The things Henry Flagler never sees

By Danielle Marsh | dmarsh1@flagler.edu

Roommates. You either hit the jackpot, or wake up to find out someone has given you a new hair style. I have personally been blessed to have the roommate I do.

Despite the fact she is from the U.S. Virgin Islands, we have a lot in common, especially our taste for adventure and sick sense of humor.

We have had so many adventures together, there is no way of putting a number to it. Let’s just say in the past two years we have done so many insane things, even Britney would step back and gasp.

Flagler can be skimpy when it comes to toilet paper for the girl’s dorms. So when the coveted toilet paper delivery day came around, we were determined to make our “cup runneth over.”

We borrowed a Mexican looking bed sheet from our other roommate and started walking the halls.
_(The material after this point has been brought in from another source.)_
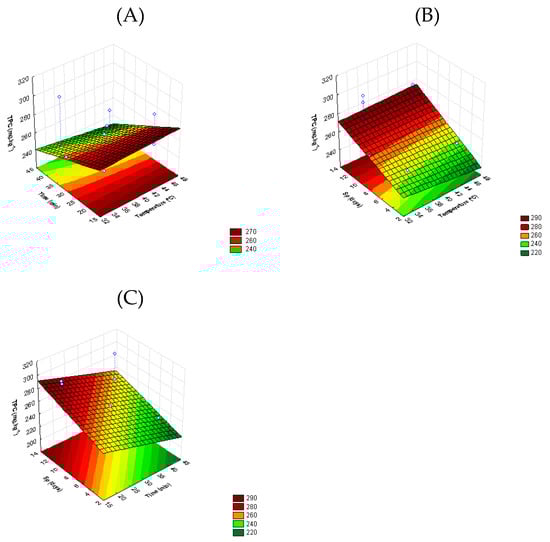 Response surface 3D contour plot indicating the effects of (A) temperature (T, °C) and time (t, min), (B) temperature (T, °C) and storage period (Sp, days), and (C) time (t, min) and storage period (Sp, days) on total phenolic content (TPC, mg Kg−1) of tomato fruit.

At the end of our hallway was a box with left over toilet paper.

Needless to say, we filled our bed sheet with the extra rolls of goodness and kept walking. We kept doing this until we could hold no more. We didn’t need toilet paper for a good two months afterward.

Another brilliant idea we had was the “human catapult.” While good in theory, it did not yield good results.

I was not the one that got hurt, but the bruises on my roommate were a constant reminder of the bad idea.

The “human catapult” is where one person lies on the bed with their feet in the air and the other person sits on them and is catapulted into the air.

The first time we did it, we learned we needed to turn off the ceiling fan before we continued. One of the last times we attempted this stunt, my roommate was projected in the wrong direction and ended up hitting her ankle on the desk.

On another boring Flagler night, when our attention spans had reached their limit, we decided to chuck stuff into our ceiling fan and duck for cover.

We started with amateur things such as M&M’s and rice and then worked our way up to harder things such as pencils and tennis balls. Again, good in theory, not so much in practice.

Sadly, next year we won’t be living together, because I’m moving off campus and she is staying on. I don’t think the distance between us will matter. We will still end up doing things we shouldn’t be doing. They just won’t be on Henry’s enterprise.